On 5/11/2011 2:36 p.m., Ron Starr wrote:
On 5/11/2011 11:04 a.m., Ron Starr wrote:
To all,
Maybe someone wiser than me can point out the error in our
configuration. Have googled for hours and searched the archives.
We have two configs we are testing. In both configs a requirement is
that the user be forced to use the Squid proxy by enabling proxy mode
in the browser (ie, FF, chrome,Opera latest versions). In the first
config we are using NTLM with fallback. This config works properly.
If proxy mode in the browser is set to point to Squid all works as
expected—traffic passes normally. When proxy mode is disabled, all
works as expected, the user receives a Squid denied page.
The problem is the second config. In this config we have a fairly
minimal config allowing localhost access. The issue is it does not
matter how the browser is set, traffic passes normally. Our
expectation is if the browser proxy mode is off the user should
receive a squid denied page. Any help is appreciated.
Firstly that Squid does not and cannot enforce this policy. The box or
network firewall is the front line which rejects direct client->Internet
connections.
Squid is part of a secondary mechanism that can be added to the firewall
with NAT or TRPOXY interception.

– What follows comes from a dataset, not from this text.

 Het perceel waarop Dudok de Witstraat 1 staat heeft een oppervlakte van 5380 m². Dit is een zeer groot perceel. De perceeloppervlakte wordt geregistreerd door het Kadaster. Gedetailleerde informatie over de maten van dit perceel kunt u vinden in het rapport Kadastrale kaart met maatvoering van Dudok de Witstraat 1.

Intercepting the packets into Squid for
a custom page explaining the policy instead of a blunt "cannot connect"
error.
So, with taht in mind, config update comments inline...
Good Configuration
auth_param ntlm program /usr/bin/ntlm_auth
--helper-protocol=squid-2.5-ntlmssp
auth_param ntlm children 50 startup=10 idle=10
auth_param ntlm keep_alive on
auth_param basic program /usr/bin/ntlm_auth
--helper-protocol=squid-2.5-basic
auth_param basic children 50
auth_param basic realm squidproxy
auth_param basic credentialsttl 2 hours
acl AuthorizedUsers proxy_auth REQUIRED
max_filedesc 20000
cache_mem 300 MB
visible_hostname localhost
http_port 3128
Regular traffic from configured browsers. Good.
<snip>
#Only allow cachemgr access from localhost
http_access allow manager localhost
http_access deny manager
# Deny requests to certain unsafe ports
http_access deny !Safe_ports
# Deny CONNECT to other than secure SSL ports
http_access deny CONNECT !SSL_ports
http_access allow all AuthorizedUsers
The "all" can be removed from the above line. It is not useful like that
at the beginning of a line of ACLs.
# And finally deny all other access to this proxy
http_access deny all
# We recommend you to use at least the following line.

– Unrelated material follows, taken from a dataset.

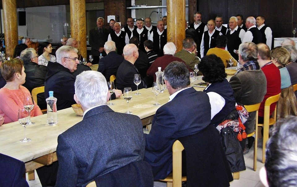 Az igeliturgiát követően a mintegy kétszáz termelő a pannonhalmi gimnázium ebédlőjében folytatta az együttlétet. A borkóstolás közben Liptai Zsolt, az Apátsági Pincészet főborásza köszöntötte a vendégeket, Hortobágyi Cirill perjel háromszáz éves bencés anekdotákat olvasott fel, a nyúli borászok kórusa pedig énekelt.

hierarchy_stoplist cgi-bin ?
Performance tip: The stoplist can go now. It has been shown not to be
useful.
Bad Configuration—browser proxy mode is not enforced.
<snip>
# Only allow cachemgr access from localhost
http_access allow manager localhost
http_access deny manager
# Deny requests to certain unsafe ports
http_access deny !Safe_ports
# Deny CONNECT to other than secure SSL ports
http_access deny CONNECT !SSL_ports
http_access deny to_localhost
http_access allow localhost
# And finally deny all other access to this proxy
http_access deny all
The main thing I notice in the above. There is no http_port
configuration in either one for Squid to receive intercept or tproxy
traffic.
I suspect you are doing NAT on the local box (okay, fine and proper) but
squid is not configured to understand that it is NAT traffic arriving.

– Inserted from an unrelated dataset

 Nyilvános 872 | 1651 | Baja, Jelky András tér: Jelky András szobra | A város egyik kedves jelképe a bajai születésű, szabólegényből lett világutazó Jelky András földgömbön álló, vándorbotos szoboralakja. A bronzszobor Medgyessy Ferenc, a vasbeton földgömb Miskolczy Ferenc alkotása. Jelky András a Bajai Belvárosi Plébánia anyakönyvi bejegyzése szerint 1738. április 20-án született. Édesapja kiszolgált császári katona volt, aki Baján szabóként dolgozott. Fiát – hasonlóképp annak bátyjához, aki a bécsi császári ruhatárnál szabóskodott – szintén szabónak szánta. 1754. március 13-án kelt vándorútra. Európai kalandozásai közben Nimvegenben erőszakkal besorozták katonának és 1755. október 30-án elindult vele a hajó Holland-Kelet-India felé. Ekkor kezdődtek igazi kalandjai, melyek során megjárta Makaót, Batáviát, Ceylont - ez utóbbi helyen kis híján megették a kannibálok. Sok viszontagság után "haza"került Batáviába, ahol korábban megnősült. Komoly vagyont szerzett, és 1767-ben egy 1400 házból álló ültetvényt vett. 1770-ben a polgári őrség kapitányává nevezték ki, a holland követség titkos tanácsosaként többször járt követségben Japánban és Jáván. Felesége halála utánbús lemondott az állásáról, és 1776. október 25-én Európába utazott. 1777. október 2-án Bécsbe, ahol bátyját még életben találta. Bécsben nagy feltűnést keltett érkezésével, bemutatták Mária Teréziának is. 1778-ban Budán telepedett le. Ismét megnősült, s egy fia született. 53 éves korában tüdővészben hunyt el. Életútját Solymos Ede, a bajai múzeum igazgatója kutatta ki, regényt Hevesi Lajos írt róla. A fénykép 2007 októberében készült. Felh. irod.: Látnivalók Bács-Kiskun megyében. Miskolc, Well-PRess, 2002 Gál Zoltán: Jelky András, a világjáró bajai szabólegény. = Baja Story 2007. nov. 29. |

So it only sees the localhost IP address on all traffic coming in.
Amos
Amos,
Thank you so much for your reply. In both configs we are referencing
http_port 3128 (It was part of what you snipped). We are upgrading
from an
early version of Squid 2.5 where this appeared to work (even though the
syntax was more complex). Our understanding was that if http_port 3128 by
itself was referenced that proxy on the browser was a requirement. If we
didn't want it then we would use http_port 3128 transparent (or with 3.1
Intercept).
Correct. The only change there since 2.5 is that the two are not
mutually exclusive anymore. 2.5 that was the case. But now you can (and
should) have separate http_port's for each of the different arriving
traffic types.
Yes, we re nat'ing and we're feeding Dansguardian into Squid using
Shorewall
to redirect port 80 traffic into DG on 8080. Are we totally off base
on what
to expect with Http_access 3128? Also, in the good config when proxy
is not
enabled in the browser, we receive a Squid denied message--not a
generic
"cannot connect". Our concern is why we do not receive the same Squid
message in the bad config.
Aha! DansGuardian. In that setup the intercept is not going to Squid so
your port was right. It is only accepting forward-proxy traffic from DG.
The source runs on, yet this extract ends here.